67.      The Court referred to the decision in Factortame I and stated that the interim legal protection which Community law ensures for individuals before national courts must remain the same, irrespective of whether they contest the compatibility of national legal provisions with Community law or the validity of secondary Community law, in view of the fact that the dispute in both cases is based on Community law itself. It followed that Article 249 EC does not preclude the power of national courts to suspend enforcement of a national administrative measure adopted on the basis of a Community regulation.

68.      Two situations may thus be distinguished. In the first, as in Zuckerfabrik, a Community measure is challenged and the applicant seeks interim suspension of the national measure implementing it. In the second, as in Factortame I, a national law is challenged on the basis that it is incompatible with Community law and the applicant seeks interim suspension of that national law.
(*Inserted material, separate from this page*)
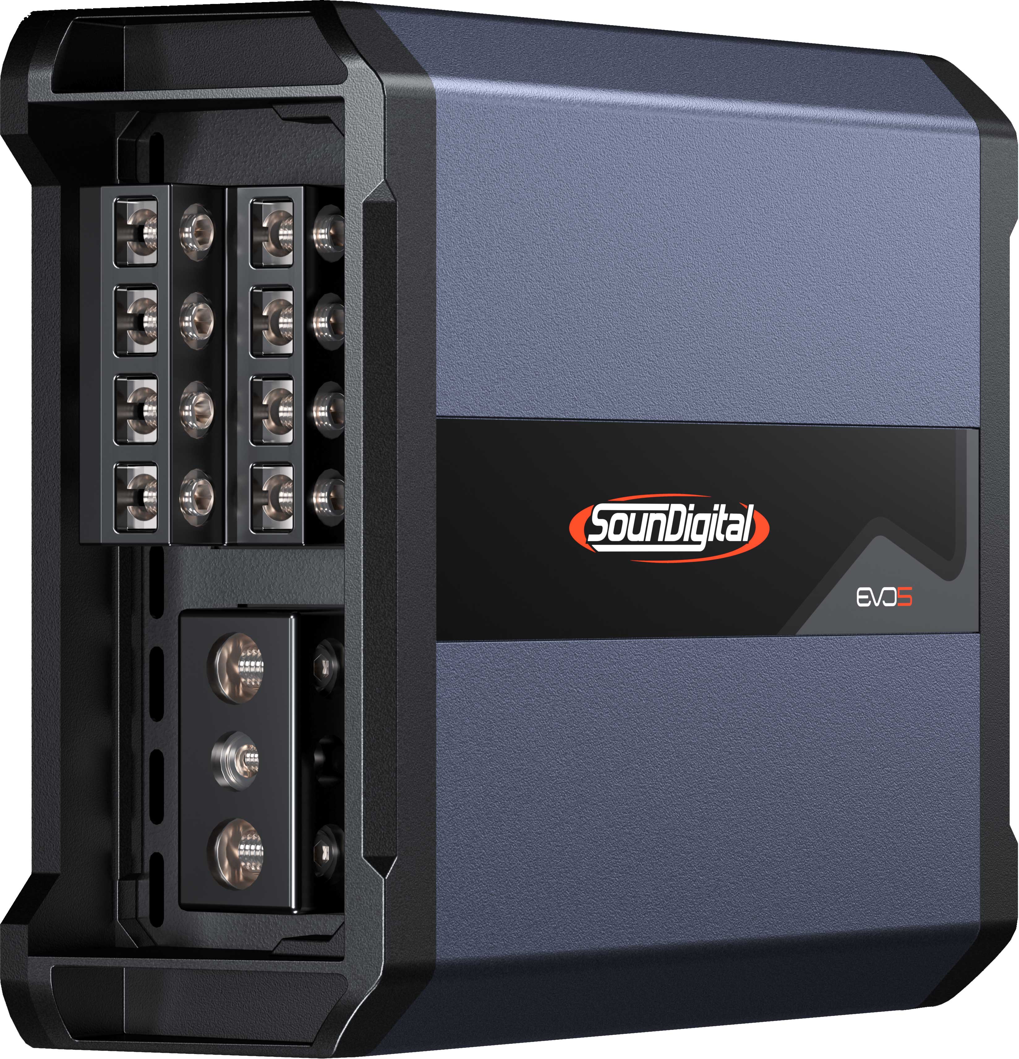 Soundigital 1200.4 EVO5 2Ohm Generation 5 Ultrakompakt steg med 4 kanaler. 4x300W 1Ω, 2x600W 2Ω. Hög & lågpassfilter. Mått 121x170x55 mm. Pris för 1 styck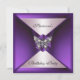 Invitation Elegant Purple Birthday Party White and Silver Metal with Silver and Pearl ButterflyJewel. Party simple, clean, design, Adult Corporate

Clearly the present case falls into the latter category.

69.      As the Commission notes, Unibet has made two applications for interim measures: the first in connection with its principal action seeking a declaration that it has the right to market its services without being hindered by the prohibition on promotion, and the second in connection with its claim for damages for breach of Community law.

70.      With regard to the first application, it appears from the order for reference that the national court wishes to know in particular whether Community law requires that a national court must grant interim suspension of the prohibition on promotion in circumstances where the principal action is for a declaration of incompatibility which is inadmissible as a matter of national law.

71.      Given that I do not consider that, in the circumstances of the present case, Community law requires that such a (separate) principal action should be admissible, I also consider that Community law clearly does not require that interim relief should be available in such a context. That view is shared by the Belgian, Finnish, German, Greek and Swedish Governments and the Commission.

72.      That conclusion to my mind follows from the very nature of interim relief. It is also reflected in the Court’s case-law. In Factortame I, which like the present case concerned an application for interim suspension of national legislation, the Court stated that ‘the full effectiveness of Community law would be … impaired if a rule of national law could prevent a court seised of a dispute governed by Community law from granting interim relief’ (47) ‘in order to ensure the full effectiveness of the judgment to be given on the existence of the rights claimed under Community law’. (48) I do not consider that a court can be regarded as ‘seised of a dispute’ in circumstances where the main application is a form of action neither recognised by national law nor required to be available as a matter of Community law.

73.      With regard to the second application, the opposite is true. The claim for damages for breach of Community law (within which the compatibility of the prohibition on promotion with Community law will be examined) is admissible as a matter of national law.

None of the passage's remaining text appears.